Items from a dataset
===

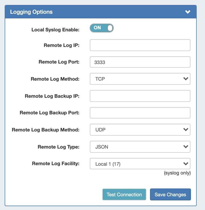 - Remote Log Backup IP: Target IP address for the Backup syslog server you will send log information to
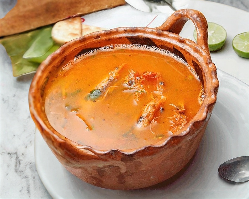 Aproximadamente 700mL Caldo de camarón con camarón pacotilla, almejas, trozos de zanahoria y papa, cebolla y cilantro.
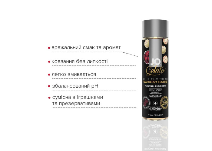Пропонуємо купити лубрикант на водній основі JO GELATO White Chocolate Raspberry — довготривалий, не липкий та смачний. Завдяки безпечній формулі без цукру та парабенів на основі рослинного гліцерину продукт забезпечує довге ковзання та насичений смак білого шоколаду з малиною. Без хімічного смаку. Чудовий варіант для оральних пестощів, проникного сексу та ігор із девайсами!
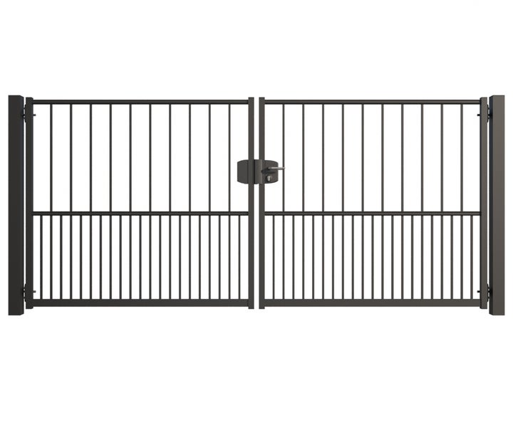 Gartentor ZAUNGURU BASIC-Line Hamburg aus Metall, Höhe: 143cm, Breite: 334cm, 2-flügelig inkl. Pfosten, Schloss und Zubehör, Feuerverzinkt und zusätzlich in RAL 7016 Anthrazitgrau pulverbeschichtet
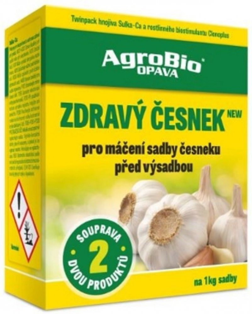 Souprava pomocného přípravku Clonoplus a hnojiva Sulka Extra. Souprava je určena ke hnojení sadby máčením a poprachu stroužků česneku a je schopna rozkládat patogenní houby.
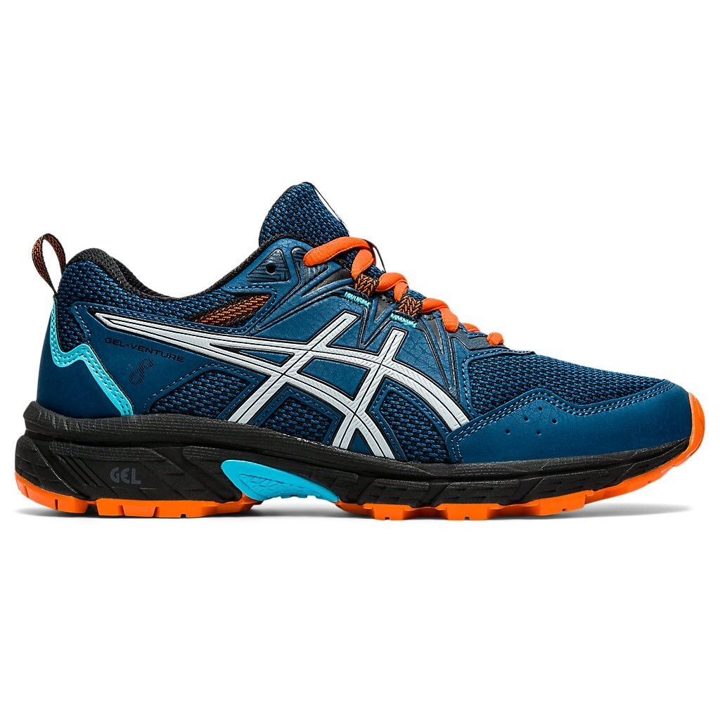 The Gel-Venture 8 GS draws inspiration from the Asics performance trail running offerings, like the Gel-Fuji Trabuco 8's upper and tooling. This GS (Grade School) offering is a kid's specific style that's designed to help promote outdoor protection, featuring a layered stitch down construction and reinforced toe paneling for excellent comfort.
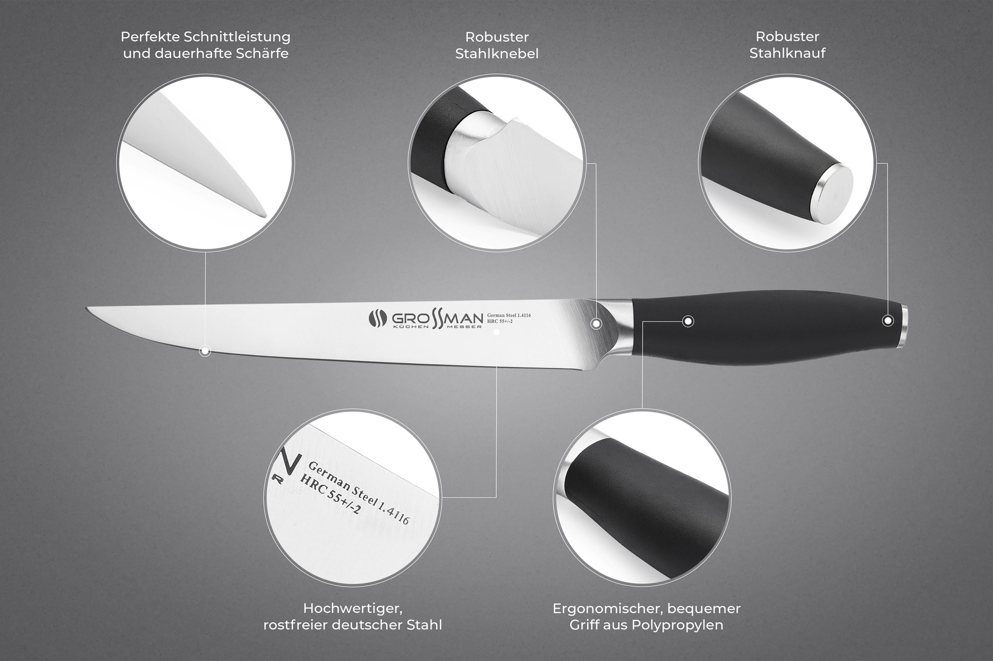 Тепер кухонні ножі з європейської нержавіючої сталі можна замовити та купити прямо в Україні. GROSSMAN з радістю пропонує вам цю можливість!
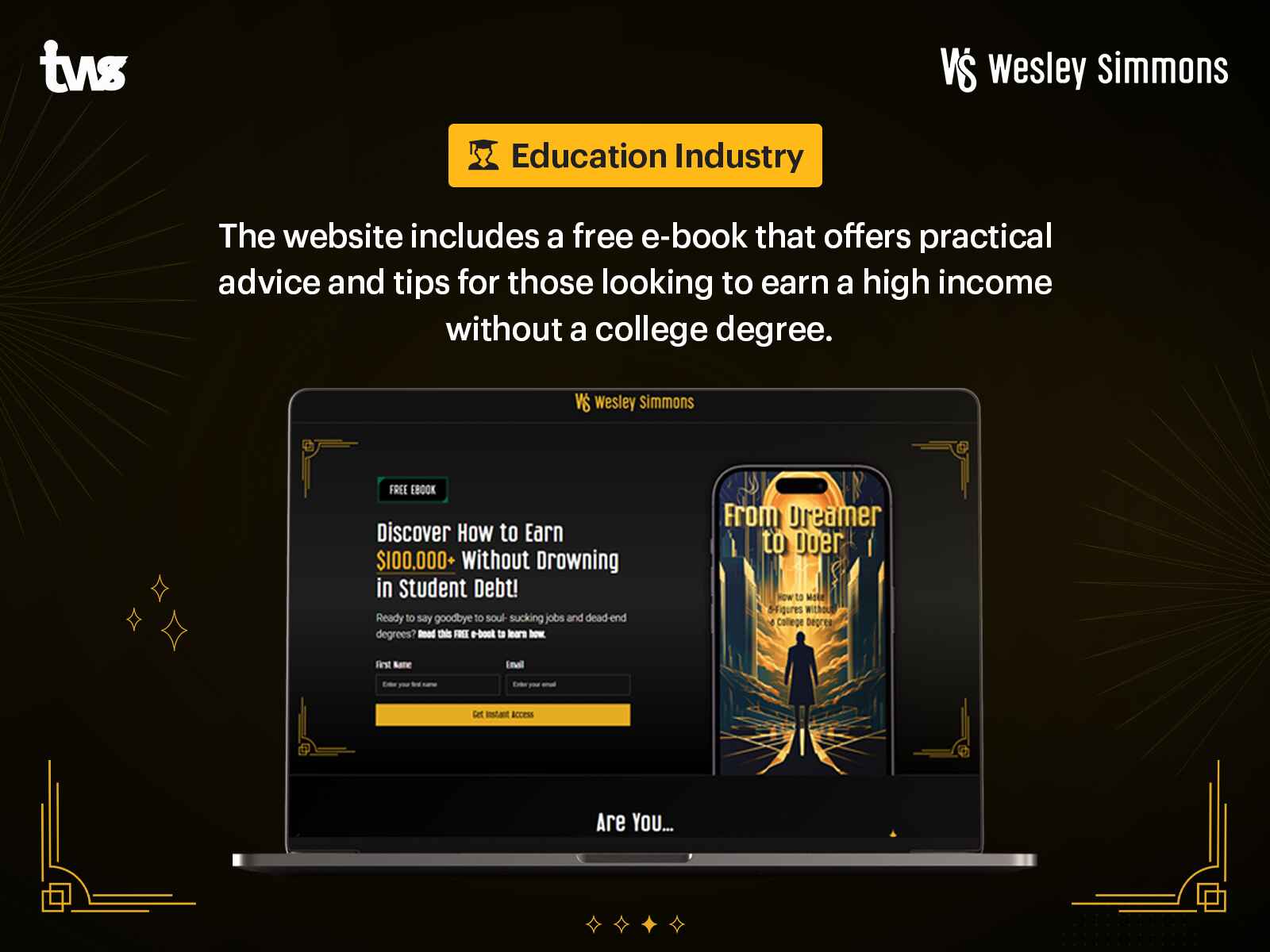 The website includes a free e-book that offers practical advice and tips for those looking to earn a high income without a college degree.
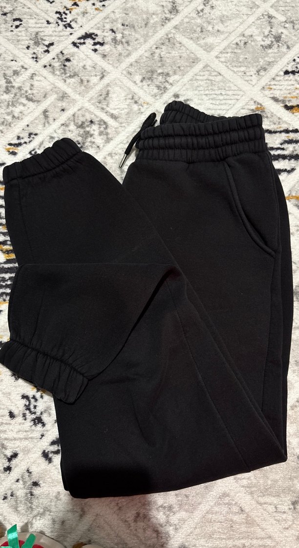 Yumuşak ve sıcak kumaştan, elastik bel ve ceplerle tasarlanmış siyah oversize sweatpant, günlük sokak stili için uygundur.
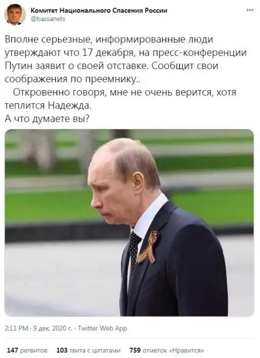 "Путин уйдет в отставку": прогнозы пользователей соцсетей на пресс-конференцию Президента РФ
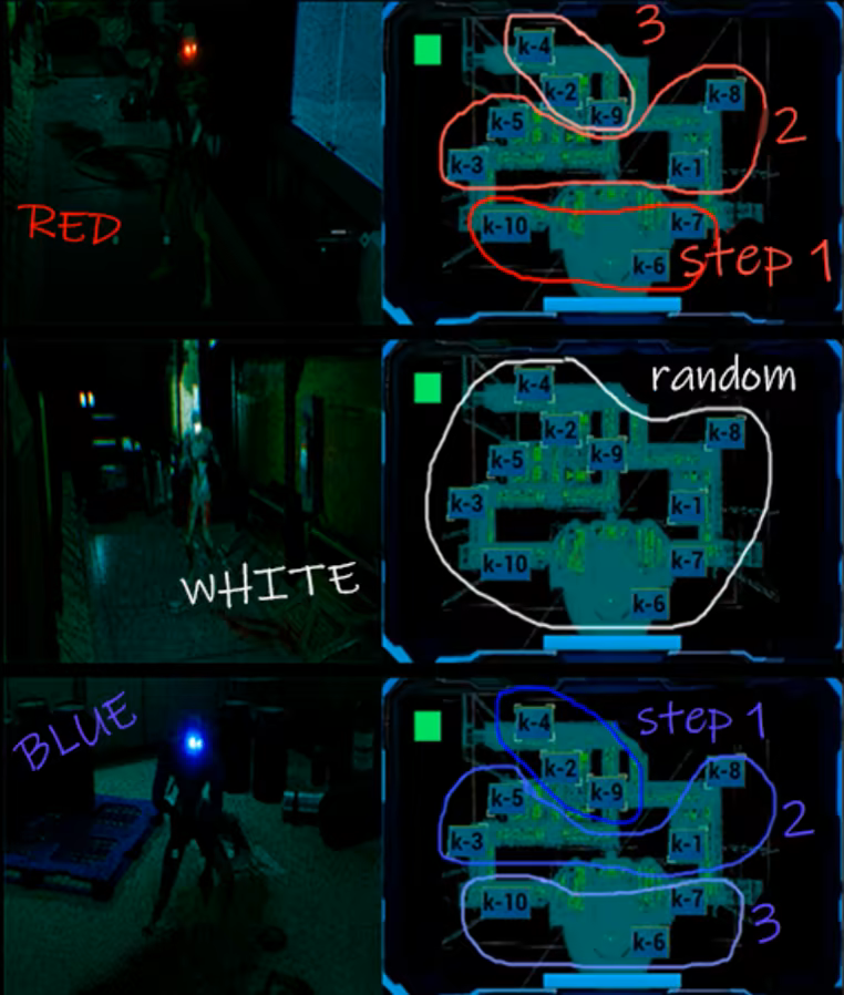 The purpose of the game is to transfer the energy stored in the energy panels during the day to the teleport every night by means of a robot. Meanwhile, you need to protect yourself from the creatures approaching you.When you see a creature in the corridors, send a shockwave to stop its progress. Each creature has a different strategy and trait. You should check the cameras accordingly. Also to fix randomly broken cameras you need to go to camera location and fix it. When the energy in the energy panel is fully transferred, the process is completed and the level ends. As the level progresses, new creatures appear. It consists of 7 levels in total.
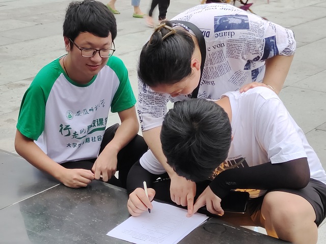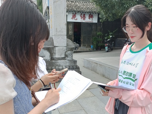为了解广大市民对菊花的了解程度以及对贡菊米酒的接受程度,6月29日上午8点,安徽师范老员工命科学公司校级重点团队“赴歙县贡菊综合应用研究本科生社会实践”团队于徽州古城开展贡菊市场问卷调查。
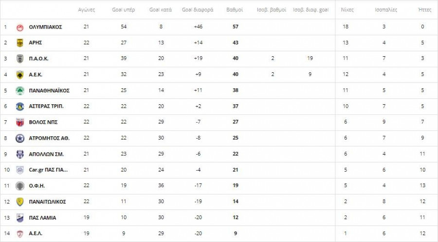 Δείτε πως έχει η βαθμολογία πριν από την αναμέτρηση στο «Απόστολος Νικολαΐδης»
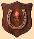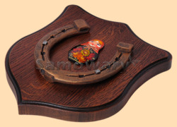 Размер медальона 19 на 22 см Медальон для подковы изготовлен из бука, покрашен под дуб и покрыт матовым лаком Размер подковы 13 на 13 см Подкова штампованная, покрыта патиной с медью По центру подковы прикреплена матрёшка, расписанная мастерами из Жостово Вес подковы - 850 гр. Производитель Россия
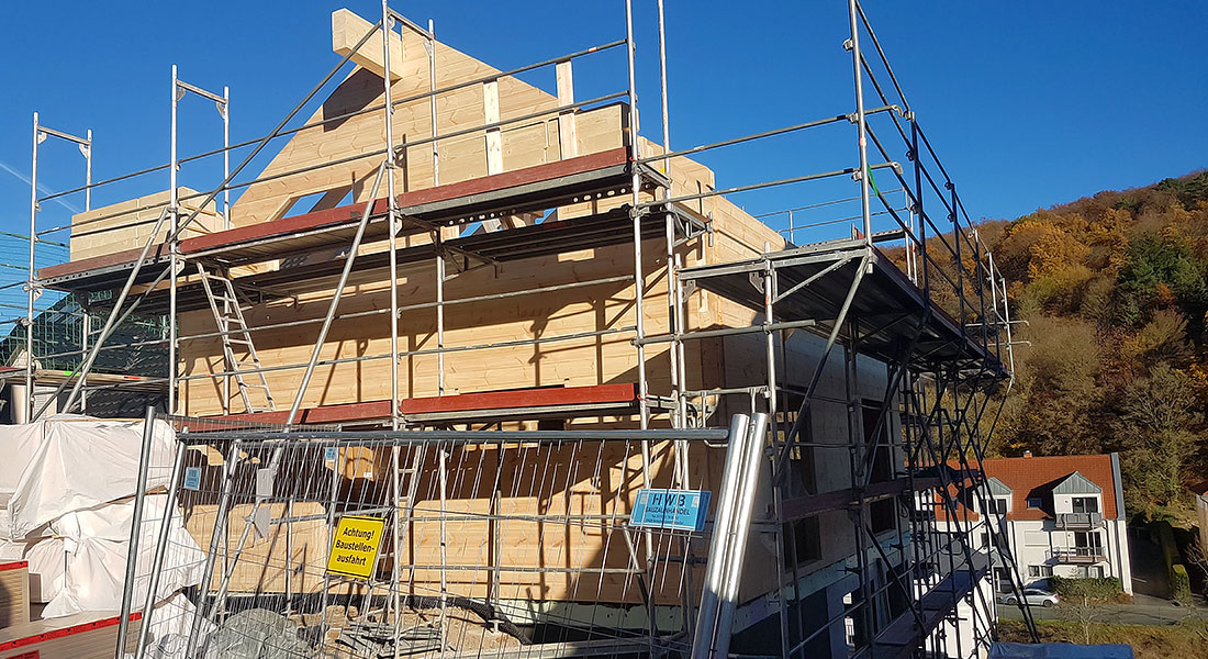 Ideales Team beim Blockhaus Bau: Holz + Lehm

===

AIM OF THE TASK:
All the records above must be retyped exactly, except for their pictures.

TASK SOLUTION:
 - Remote Log Backup IP: Target IP address for the Backup syslog server you will send log information to
 Aproximadamente 700mL Caldo de camarón con camarón pacotilla, almejas, trozos de zanahoria y papa, cebolla y cilantro.
Пропонуємо купити лубрикант на водній основі JO GELATO White Chocolate Raspberry — довготривалий, не липкий та смачний. Завдяки безпечній формулі без цукру та парабенів на основі рослинного гліцерину продукт забезпечує довге ковзання та насичений смак білого шоколаду з малиною. Без хімічного смаку. Чудовий варіант для оральних пестощів, проникного сексу та ігор із девайсами!
 Gartentor ZAUNGURU BASIC-Line Hamburg aus Metall, Höhe: 143cm, Breite: 334cm, 2-flügelig inkl. Pfosten, Schloss und Zubehör, Feuerverzinkt und zusätzlich in RAL 7016 Anthrazitgrau pulverbeschichtet
 Souprava pomocného přípravku Clonoplus a hnojiva Sulka Extra. Souprava je určena ke hnojení sadby máčením a poprachu stroužků česneku a je schopna rozkládat patogenní houby.
 The Gel-Venture 8 GS draws inspiration from the Asics performance trail running offerings, like the Gel-Fuji Trabuco 8's upper and tooling. This GS (Grade School) offering is a kid's specific style that's designed to help promote outdoor protection, featuring a layered stitch down construction and reinforced toe paneling for excellent comfort.
 Тепер кухонні ножі з європейської нержавіючої сталі можна замовити та купити прямо в Україні. GROSSMAN з радістю пропонує вам цю можливість!
 The website includes a free e-book that offers practical advice and tips for those looking to earn a high income without a college degree.
 Yumuşak ve sıcak kumaştan, elastik bel ve ceplerle tasarlanmış siyah oversize sweatpant, günlük sokak stili için uygundur.
 "Путин уйдет в отставку": прогнозы пользователей соцсетей на пресс-конференцию Президента РФ
 The purpose of the game is to transfer the energy stored in the energy panels during the day to the teleport every night by means of a robot. Meanwhile, you need to protect yourself from the creatures approaching you.When you see a creature in the corridors, send a shockwave to stop its progress. Each creature has a different strategy and trait. You should check the cameras accordingly. Also to fix randomly broken cameras you need to go to camera location and fix it. When the energy in the energy panel is fully transferred, the process is completed and the level ends. As the level progresses, new creatures appear. It consists of 7 levels in total.
为了解广大市民对菊花的了解程度以及对贡菊米酒的接受程度,6月29日上午8点,安徽师范老员工命科学公司校级重点团队“赴歙县贡菊综合应用研究本科生社会实践”团队于徽州古城开展贡菊市场问卷调查。
 Δείτε πως έχει η βαθμολογία πριν από την αναμέτρηση στο «Απόστολος Νικολαΐδης»
 Размер медальона 19 на 22 см Медальон для подковы изготовлен из бука, покрашен под дуб и покрыт матовым лаком Размер подковы 13 на 13 см Подкова штампованная, покрыта патиной с медью По центру подковы прикреплена матрёшка, расписанная мастерами из Жостово Вес подковы - 850 гр. Производитель Россия
 Ideales Team beim Blockhaus Bau: Holz + Lehm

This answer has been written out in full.